The Nextera Mate Pair protocol has been validated with the S series Covaris sonicators. According to Covaris, the performance of the E series (E210 and E220) should be similar when using the equivalent settings (if using the E210, follow the settings recommended for the S2; if using the E220, follow the settings for the S220). However, please note that these settings may not be directly transferable and using a Covaris outside of the S-series as recommended in the protocol will likely require optimization.
When following the Gel-Free protocol, the recommended input is 1 μg of genomic DNA and the kit is formulated to generate 48 libraries from 48 independent samples. When following the Gel-Plus protocol, the recommended input is 4 μg of genomic DNA and this kit is formulated to either prepare 12 libraries with single size-selections per sample, or up to 48 libraries if making as many as 4 size-selections from each 12 inputs.
Yes, although the tagmentation reaction may generate a distribution of fragments with an apparent average insert size of 5 kb or more, the smaller fragments present circularize far more efficiently than the larger fragments. Therefore the average fragment size as detected in the sequencing data can be considerably smaller than suggested by the BioAnalyzer electropherogram of the tagmentation reaction.
The Illumina Nextera Mate Pair Sample Preparation kit produces libraries with a broad size range distribution, typically between 300-1500 bp, with a peak centred around 600-700 bp. It is not necessary to size select the library further for sequencing purposes. Although the largest fragments may not cluster and sequence as efficiently, their presence in the library is not detrimental.
The Nextera Mate Pair Gel-Plus protocol with size-selection aims to generate mate pair libraries with a narrower size distribution and larger median fragment size. This is achieved by using a gel-based size-selection process to select DNA of a desired size range. A Mate Pair library with a narrow distribution of fragments will facilitate accurate structural variation detection. It will also help de novo assemblies of both simple and complex genomes by providing paired read information which spans larger repeat regions.
However, the degree of difficulty in generating gel-plus libraries increases as the length of fragments increases. Compared to libraries with smaller Mate Pair fragment sizes, libraries with larger fragment lengths are expected to have a lower final library yield and lower library diversity and are more challenging to make robustly. To increase the robustness of library generation when carrying out the Gel-Plus procedure, several steps in the protocol have been optimized and guidelines are provided.
The new Nextera Mate Pair kit offers several advantages over the previous Mate Pair kit: significantly less DNA input (1-4 ug as compared to 10-20 ug for the original kit), a faster and simplified workflow, and a higher supported read length of 2x250.

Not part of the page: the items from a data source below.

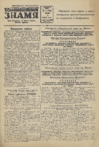 Пролетарии всех стран, соединяйтесь* Большевистское ЗНАМЯ Орган Петушинского Р К ВКП(б) в Райсовета депутатов трудящихся п ятнадцатый го д издания -1 _ ^ •тЗДрОШИИ ^ № 2 (1810) СРЕДА 9 ЯНВАРЯ 1946 г. 1ЫХ0ДМТ 2 Р Ш Ё НЕДЕЛЮ цена 10 коп Неразрывна связь партии и народа,, несокрушима крепость Сталинскою бл&' ка коммунистов и беспартийных. Кандидаты народа Наша Родина переживает замечательные дни. Советский народ выдвигает своих лучших сынов и дочерей кандидатами в депутаты Верховного Совета СССР. Первым своим кандидатом в депутаты Верховного Совета СССР все народы Советского Союза выдвигают великого учителя и любимого вождя Иосифа Виссарионовича Сталина. Имя Статна, как всенародного кандидата, звучит везде,- где только проходят предвыборные собрания трудящихся. С большим под‘емом трудящиеся выдвигают "соратников великого Сталина—руководителей партии и правительства то^ варищей Молотова, Калинина, Ворошилова, Кагановича, Андреева, Микояна, Жданова, Хрущева, Маленкова, Берия, Шверника, Вознесенского. С любовью произносит советский народ их имена. Вею свою жизнь они посвятили служению народу. Вместе с руководителями партии и правительства советский парод выдвигает кандидатами в депутаты Верховного Совета СССР людей, прославившихся своими подвигами в тылу и на фронте, своим самоотверженным трудом, своим вкладом в дело Победы. Колхозники липенского колхоза нашего района выдвинули кандидатуру т. Лебедева Андрея Ивановича, старейшего производственника хрустального завода, замечательного мастера алмазной грани, который всю свою жизнь связал с судьбой своего завода, который самоотверженно трудился и в годы мирного строительства и в годы Великой Огечесгвевной войны. Решение липенских колхозников было единодушно поддержано на предвыборных собраниях трудящихся нашего района и в том числе на проходившем районном предвыборном совещании. Также единодушно поддержано на предвыборных собраниях трудящихся нашего района и решение коллектива фабрики имени Лакина о выдвижении кандидатом в депутаты Повета Национальностей т. Седина Ивана Корнеевича— Героя Сщиалиетического Труда, Народного Комиссара тек стильной промышленности, славного патриота нашей Родины, неоднократно награжденного орденами а медалями Советского Союза. а Наши капдидаты-это люди выращенные и воспитанные партией Лениаа — Сталина. Честным выполнением своего долга перед Родиной они показали, что способны и впредь бороться за дальнейшее процветание советской отчизны, что они способны и впредь честно тужить своему народу. Коллектив завода «Ленинская кузница» выдвинул кандидатом в депутату Совета Союза Никиту Сергеевича ХРУЩЕВА завкома тов КИЕВ, 2 января..(ТАСС). Сегодня в пять часов рабочие, служащие, инженеры и техники завода «Ленинская кузница» собрались, чтобы выставить своего кандидата в депутаты Верховного Совета СССР. Общее собрание открыл Iсаядр Иванович Пузанист председатель Кацовский. 14а трибуну поднялся уое ленный седиаами старый кадровик завода с 42-лете и м про- ‘ изводствениым стажем, сле- !сарь-инетр^ментальщик АлекРечь стахановца-слесаря инструментального цеха А. И. —Товарищи рабочие и служащие, инженерно-технические работники! Я предлагаю выдвинуть кандидатом в депутаты Совета Союза Верховного Совета СССР иерного соратника великого Сталина, руково
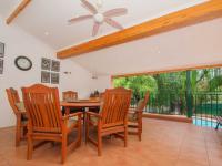 Step into the inviting lounge and dining room, perfect for hosting family gatherings and special occasions. For more casual family time, the separate family room, complete with a cozy fireplace, offers a warm retreat. This room seamlessly opens out to the patio, creating an ideal flow for indoor-outdoor living. The patio boasts a covered entertainment area that overlooks a sparkling, solar-heated swimming pool. Whether you're hosting a summer braai or enjoying a quiet evening by the pool, this space promises countless hours of enjoyment. The back garden is a haven for sports enthusiasts, featuring a cricket net that provides endless fun for all [hidden];
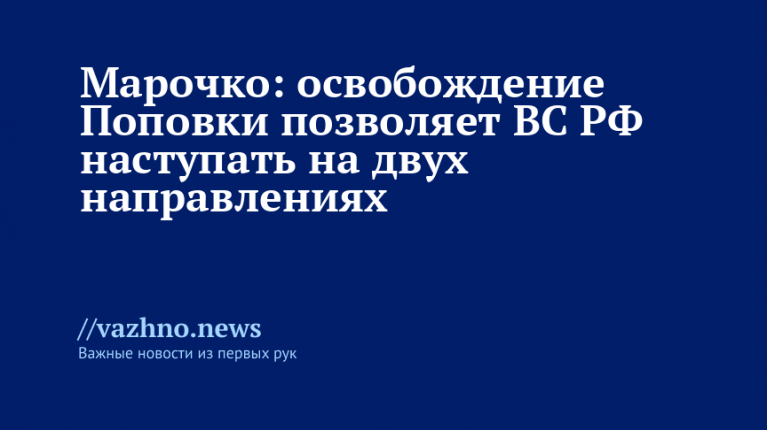 Взятие под контроль населенного пункта Поповка открывает для российских военных возможность вести наступление по двум операционным направлениям. Такое заявление 8 февраля сделал военный аналитик Андрей Марочко.
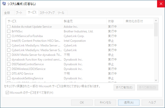 「システム構成」を開き「サービス」タブの「Microsoftのサービスをすべて隠す」にチェックを入れ「すべて無効」をクリックしました。
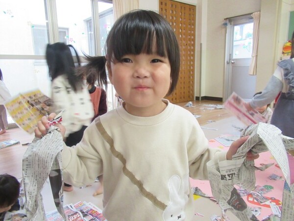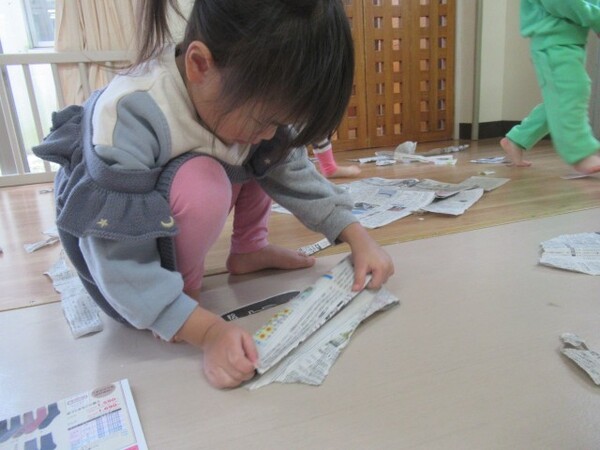保育士がちぎりやすいように切り込みを入れ、手本をみせると上手にちぎり、様々な大きさ・形ができあがりました。

Other advantages of the Nextera Mate Pair kit include utilization of a transposome-mediated fragmentation and adapter tagging of genomic DNA, an identifiable Mate Pair junction sequence, TruSeq DNA Sample Prep master-mixed reagents to reduce reagent containers and pipetting steps, TruSeq DNA Sample Prep adapter indexing compatibility with 12 indexes included in the kit, and a choice of two protocols: a Gel-Free Protocol and a Gel-Plus Protocol.
The Nextera Mate Pair Gel-Free protocol is a low input (1 ug), simple, and robust protocol generating Mate Pair libraries with a broad distribution of fragment sizes, from 1.5 kb up to 15 kb with a median insert size of around 3 kb. The Gel-Free Protocol reliably yields high diversity libraries with fewer duplicates, allowing deeper sequencing of the library. Possible applications of gel-free Mate Pair libraries are de novo assembly (especially of smaller genomes) and structural variation detection studies. Although currently not supported by Illumina, the gel-free protocol may also be adapted for automation.
AMPure purification procedures have been validated by Illumina using the Axygen Maxymum Recovery 1.7 ml microcentrifuge tubes and the Invitrogen magnetic stand (part # CS15000) as specified in the Consumables and Equipment list in the User Guide. Comparable performance, such as yield and size distribution of the libraries, is not guaranteed when using other microcentrifuge tubes/tube formats or other magnets, and the protocol may take longer.
Please refer to the document Data Processing of Nextera Mate Pair Reads on Illumina Sequencing Platforms for the Mate Pair junction sequence. This document also contains additional information on how best to perform adapter trimming and analysis of Nextera Mate Pair data sets.
For sequencing purposes, the final completed Nextera Mate Pair libraries are technically considered to be TruSeq DNA libraries, and should be sequenced with TruSeq sequencing primers and workflows. The Nextera Mate Pair Kit actually employs both Nextera and TruSeq technologies. The genomic DNA is initially tagmented with a Nextera transposome enzyme, which adds a Mate Pair junction adapter to the ends of the DNA molecules. However, after circularization, the DNA is fragmented for a second time, at which point the TruSeq adapters are added. It is the TruSeq adapters that are utilized during the subsequent PCR, clustering and sequencing steps.